There are no pieces of real estate more mysterious, more disturbing, more alluring, more capable of mayhem and majesty, than the little old bar or corner grocery store tucked away in the corner of some urban jungle.
In a way that even churches or ethnic clubs can’t match, certain pubs and food stores exude an evangelical pull that is difficult to explain. Often without marketing, often in the absence of advertising or anything more than the underground word-of-mouth, these purveyors of that certain something exude a message that may say “come hither,” or may warn, “beware all you middle-class dorks who are attracted or repelled; do not enter here.”
As an intellectual abstraction, we all revel in the freedom we have to “associate,” to come together with few restrictions, with little oversight, with the sense of adventure that comes through unexpected coming together.
But some of those bars, some of those little convenience stories, aren’t meant for the likes of you. Nothing so unsubtle as a bouncer at the front door of a cool club saying you’re too uncool to cross the threshold. No, the neon-lit, often rundown little purveyors of booze and girls and bags of potato chips simply create an aura that tells us if we belong.
To be sure, some of the joints are “black” enough or “Hispanic” enough to give the Anglos pause, but more interesting are the establishments that are theoretically inviting — but not really.
Roxbury’s “Packy Connors” pub is one of those places. It’s “popular,” but it gives off a sense of unease that lets you know if you’re really welcome. The joint has been in the news of late, after four people were shot outside — not the first time unpleasantness has erupted there.

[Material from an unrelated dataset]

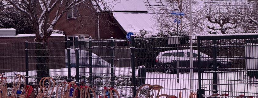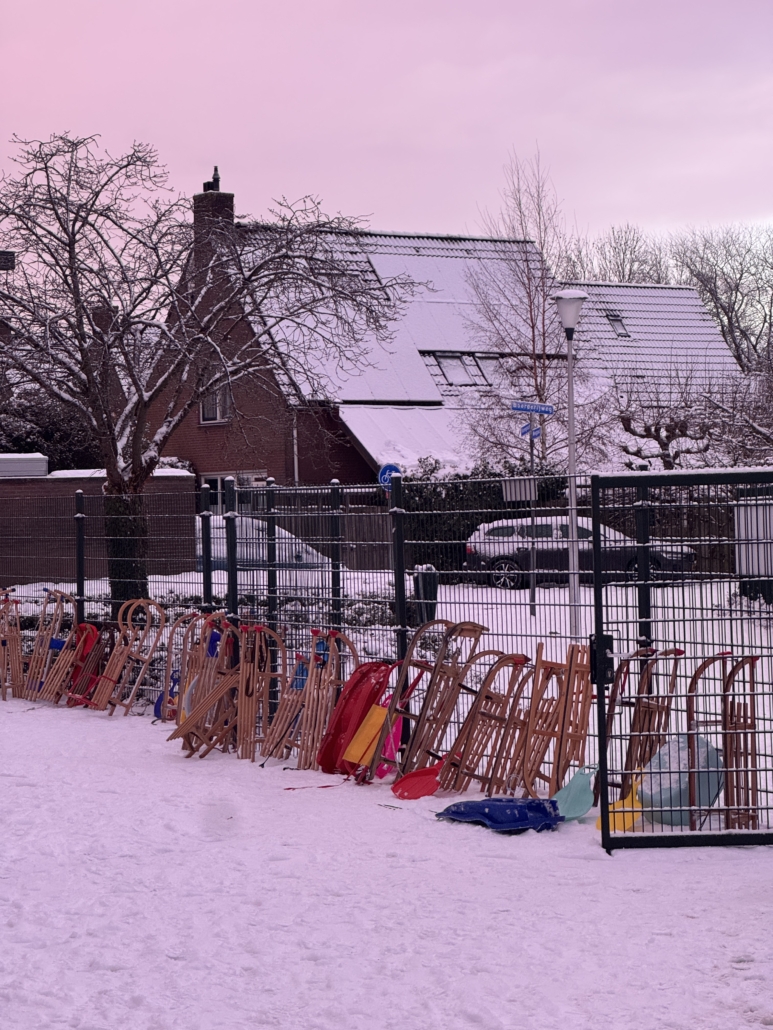 Groepen 1 en 2 hebben heerlijk met en in de sneeuw dichtbij school gespeeld. Wat een heerlijke ochtend!

And that’s just what makes places such as Packy Connors so fascinating, in an irritating, spooky sort of way.
Who Pays?
What do you do with a joint like that? The Licensing Board has, and probably will, get cranky and shut it down, at least for a while. There’s nothing terribly unusual in that, but the act of closing a purveyor of hooch usually leaves the mystery unanswered: What was it, exactly, that the pub did wrong? You can order it to “control” its customers, but, of course, by the very nature of the customers it attracts, the chances for domestic tranquility are slim.
Society is both fascinated and repulsed by the Packy Connors environment because it provides a laboratory for a murky sociological experiment. Does the gin joint create an environment in which the customers get stupid? Or, through the mystery of consumer affection, do the “wrong” kind of people simply show up and create mayhem?
The Boston City Council recently approved a zoning change that limits the amount of advertising signage the little food joints can plaster all over their windows. The theory is that the evangelical pull of the little grocers would transform the neighborhood population into a crazed cult of beer-drinking, cigarette-smoking fiends, if the stores were left unchecked to advertise at the behest of Satan.
Again, notice that the powers-that-be are not focused on the moral or psychological frailty of the local population. No, it is the store that should be tamed — just as it is the bar that should be closed.
It goes on all over. Even as we speak, the God-fearing community activists of midtown Atlanta are protesting the likelihood that a cool new bar would replace a formerly cool, naughty bar on Peachtree Street. The protestors’ website: ‘Keepmidtownsafe.com. Yes, the new bar, as if by black magic, will manufacture crime and brawling and alcoholic excess.
In New Haven, Conn., home to stuffy Yale University, the city fathers have banned 24-hour gas stations and convenience stores, as a crime fighting tool. Again, it is the businesses that are presumed to have magical powers of mayhem, not the unwashed masses. It is not police protection that New Haven needs, but protection from retail.
The mayor of Troy, N.Y. is attempting to shoot down convenience stores from 1 a.m. to 5 a.m. — when Troy is routinely transformed into Hell on Earth.
The naughty little clubs. The tiny little grocers. I can’t resist them. Stop them, stop them, before they sin again.